Nvidia has reportedly reached its largest deal ever, a $20 billion licensing and talent acquisition agreement with AI chip startup Groq, not to be confused with Elon Musk’s xAI chatbot Grok. The move has sparked debate across the tech world, with critics questioning whether it resembles Silicon Valley’s long-criticized “catch and kill” strategy.
So what exactly is Nvidia buying, and why does this deal matter for the world’s most powerful AI chipmaker?
What is included in Nvidia’s reported deal with Groq?
Founded in 2016 by former Google engineers, Groq designs specialized chips known as Language Processing Units, or LPUs, built specifically for ultra-fast and energy-efficient AI inference.
According to reports, Nvidia’s $20 billion all-cash agreement includes:
- Asset purchases tied to Groq’s AI inference technology
- Non-exclusive licensing of Groq’s intellectual property
- The transfer of Groq’s top engineering and leadership talent
Groq founder and CEO Jonathan Ross, president Sunny Madra, and several senior executives are expected to join Nvidia’s AI teams. If confirmed, the deal would surpass Nvidia’s $7 billion acquisition of Mellanox in 2019, making it the company’s largest transaction to date.

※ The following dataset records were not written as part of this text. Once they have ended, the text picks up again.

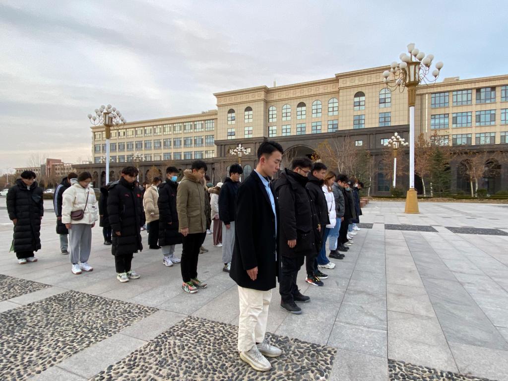 我国将每年的12月13日设立为南京大屠杀死难者国家公祭日,表明中国人民反对侵略战争、捍卫人类尊严、维护世界和平的坚定立场。12月13日下午,太阳成集团tyc151cc组织学生干部在腾飞广场进行国家公祭日缅怀仪式并进行默哀。
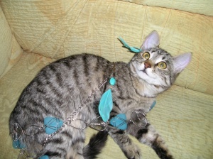 Марфа. Эта кошечка отдается любителям естественной дикой грации. Девочка с независимым характером, всегда начеку и готова в любом фантике разглядеть мишень для охоты. При этом она любит ласку, сидит и мурлычет на ручках, но при любом шорохе убегает проверять свою территорию на наличие непрошенных "гостей". Возраст около 7 мес. Стерилизована. Кушает влажный корм.
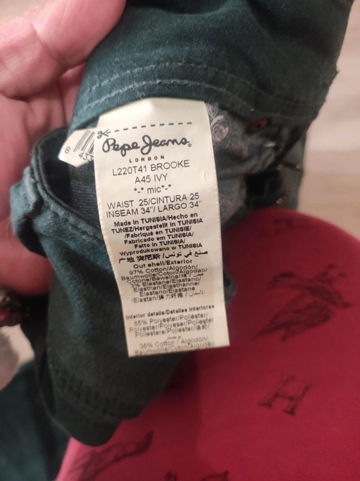 Pantalon slim pépé jean's taille w25 l 34 Vert bouteille très belle coupe trop petit N'hésitez pas à regarder mon dressing j'ai d'autres articles les réductions sont activées 😉
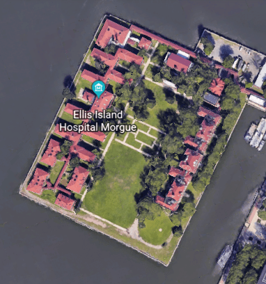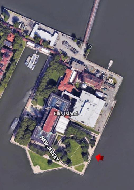 This is an aerial of the north side of Ellis Island from Google Earth showing a circular feature on the grounds…
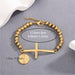 Wholesale Stainless steel round bead bead string bracelet with cross hanging tag
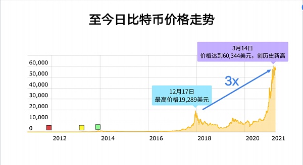 這是比特幣2011年的6月的價格趨勢。如果你2011年暑假看到這個價格,就會感覺它漲得這么兇了。后來過了一年零八個月后,2013年的八月又回到這個價格,那個時候價格是30美元。所以那個時候你們見到后有買過嗎?有沒有13年買過比特幣的?這張圖片代表如果你只是看價格過去的話,你會看得到它漲得很兇,不管是最近的2021年還是過去的2017年還是2013年。
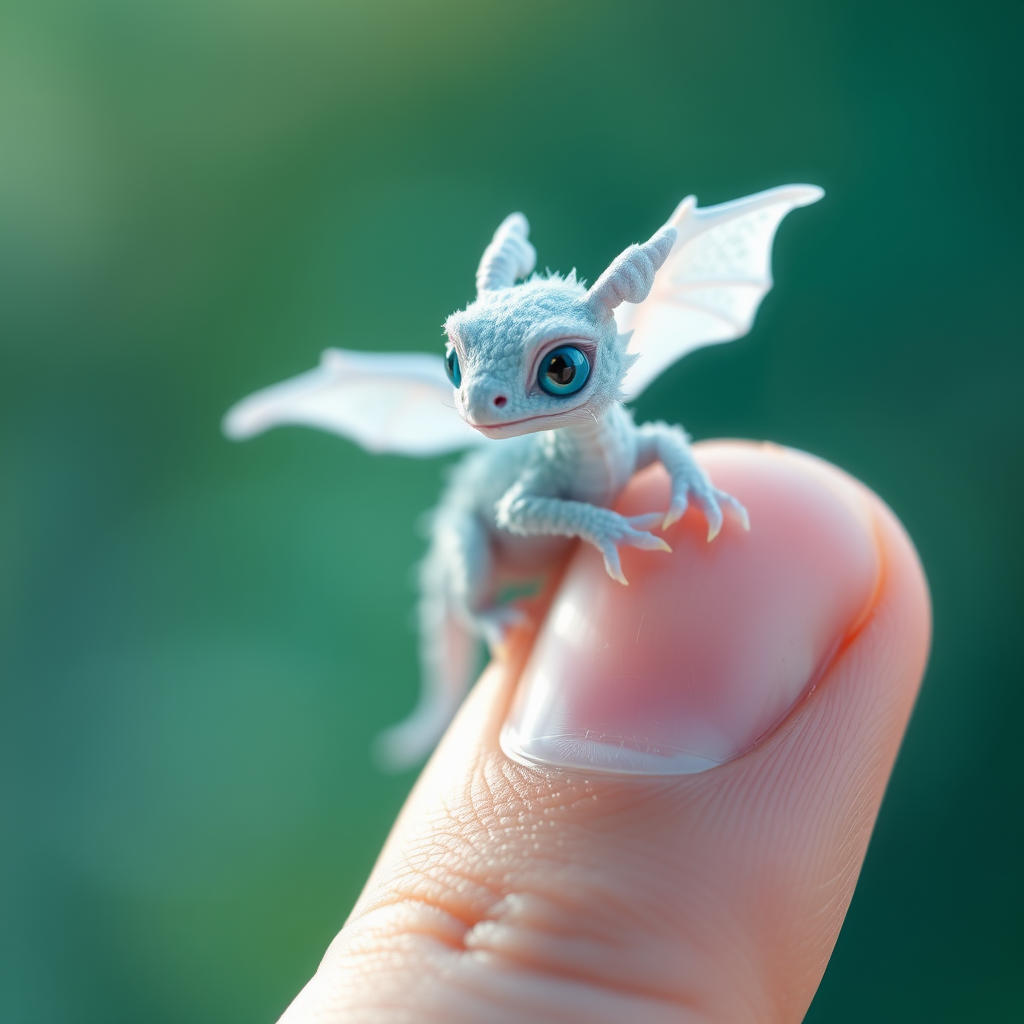 A stunning close-up image captures a delicate, finger-sized dragon perched on a woman's fingertip. Its body is adorned with soft, light blue and white furry scales that shimmer in the light. The dragon's gentle eyes are a bright sapphire blue, and its tiny wings, barely the width of a human finger, glimmer with a translucent glow. Its snout is small and inquisitive, with tiny, wispy tendrils protruding like whiskers. The gentle curves of its petite claws rest harmlessly on the skin, creating a mesmerizing contrast between the ethereal creature and the warmth of human flesh. The scene is set against a soft-focus background of blurred greens and blues, hinting at a lush, distant forest.
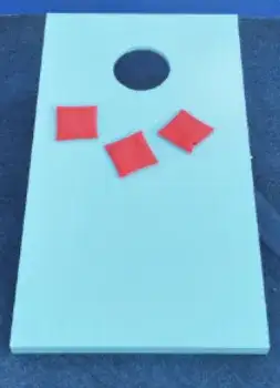 Players throw bean bags aiming to land them in the designated holes to score points. - Length 0.54 metres - Width 0.94 metres

Groq was last valued at $6.9 billion in its September 2025 funding round. Notably, GroqCloud, the company’s cloud services arm, is not included in the deal and will continue operating independently under new leadership, with CFO Simon Edwards reportedly set to take over as CEO.

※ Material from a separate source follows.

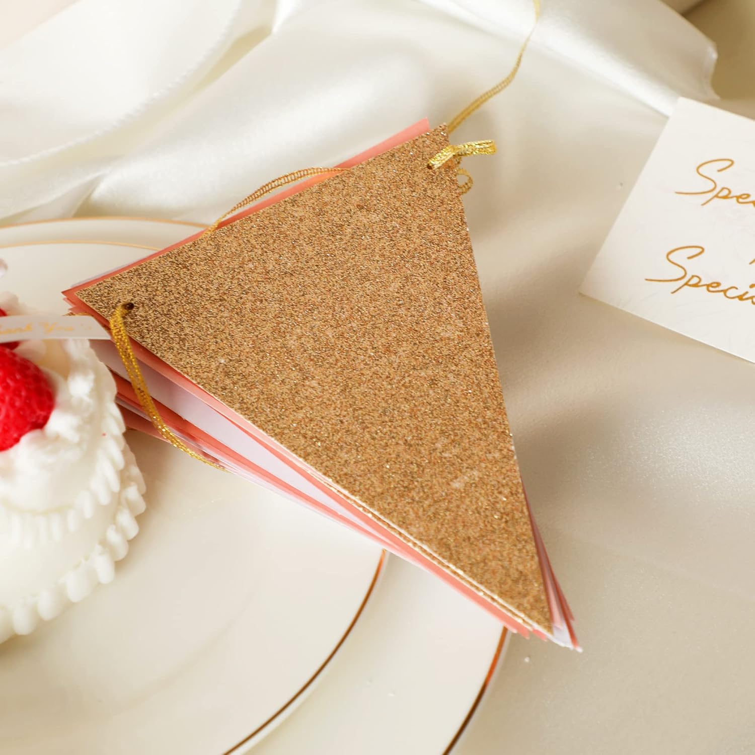 Fonder Mols 10-feet Vintage Flags of Paper Pennant Banner, Triangle Flags Bunting Banner Garland for Boho Wedding, Baby Shower, Girl Room Nursery Decoration (Ivory+Pink+Rose Gold Glitter)
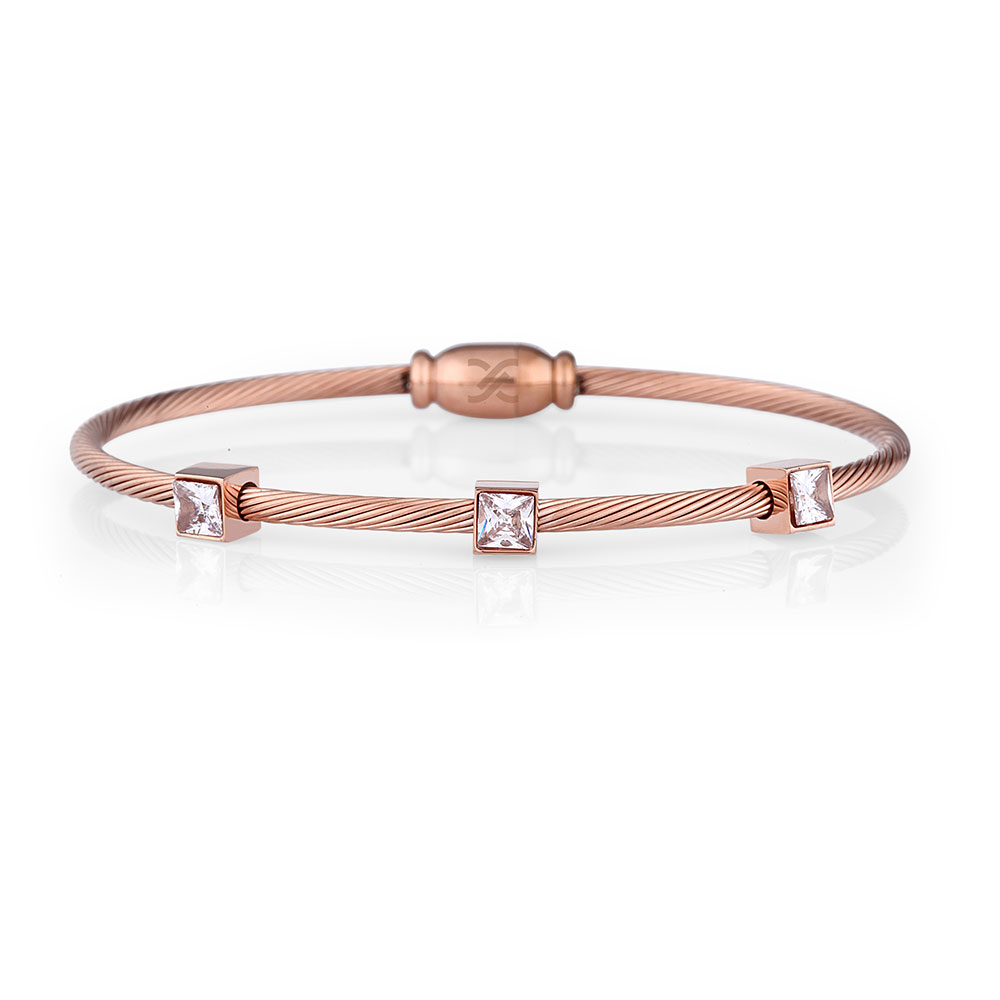 Designul sau modern este accentuat de cele trei zirconii stralucitoare, montate in casete patrate, care reflecta lumina intr-un mod spectaculos. Textura rasucita a bratarii ofera un aspect contemporan si versatil, potrivit atat pentru tinutele casual, cat si pentru cele elegante.

Why Groq matters to Nvidia’s long-term AI strategy
AI inference refers to the process of running trained models in real time, powering applications such as chatbots, search tools, recommendation engines, and autonomous systems.
While Nvidia dominates AI training, inference is rapidly becoming the larger share of overall AI computing demand as models move from development to mass deployment. This shift helps explain Nvidia’s growing focus on inference optimization.
By gaining access to Groq’s low-latency technology, Nvidia could strengthen its position in inference workloads, an area where competition is intensifying from startups and rival chipmakers.
Why Groq’s LPU technology is a coveted asset
Groq is led by engineers with deep experience in specialized AI hardware. Jonathan Ross previously helped design Google’s Tensor Processing Unit, or TPU, which powers many of Google’s internal AI systems, including Search, Translate, and Gemini.
Unlike general-purpose GPUs, Groq’s LPUs are designed for deterministic, high-speed inference. Key advantages include:
- Predictable performance with minimal latency
- Lower power consumption compared to GPUs
- Faster token generation for real-time AI tasks
These traits make LPUs particularly attractive for large-scale deployments where response time and efficiency are critical, such as AI assistants, financial systems, and industrial automation.
Is this a “catch and kill” move by Nvidia?
The structure of the deal has raised eyebrows. Nvidia is not acquiring Groq outright but is instead purchasing assets, licensing technology, and absorbing key personnel. Nvidia CEO Jensen Huang has reportedly said the goal is to integrate Groq’s processors into Nvidia’s AI architecture, not to buy the company as a whole.
This approach resembles recent “acqui-hire” or hybrid deals seen across Big Tech, including Microsoft’s arrangement with Inflection AI and Meta’s talent-focused agreements. Such structures allow companies to gain technology and expertise while avoiding the regulatory scrutiny associated with full mergers.
Regulators are increasingly examining these partial acquisitions, especially in AI, where dominant firms may use them to neutralise emerging rivals without triggering antitrust reviews.
Does the deal eliminate a competitor?
Groq was a direct competitor to Nvidia in AI inference, a segment where Nvidia faces more challengers than in AI training. While Nvidia insists it plans to actively develop and scale Groq’s LPU technology, the deal effectively ends Groq’s role as an independent rival.
For now, the evidence suggests Nvidia aims to expand its inference capabilities rather than shelve Groq’s innovations. Still, the consolidation raises broader questions about competition, market power, and how future AI hardware innovation will be shaped by Big Tech.
Why this deal matters beyond Nvidia
The reported Groq deal highlights three larger trends reshaping the AI industry:
- AI inference is becoming the next major battleground in chip design
- Talent and specialised hardware expertise are as valuable as companies themselves
- Regulators face growing challenges policing non-traditional acquisitions
If completed, the deal would further cement Nvidia’s influence across the entire AI stack, from training to deployment, while reigniting debate over how innovation survives in markets dominated by tech giants.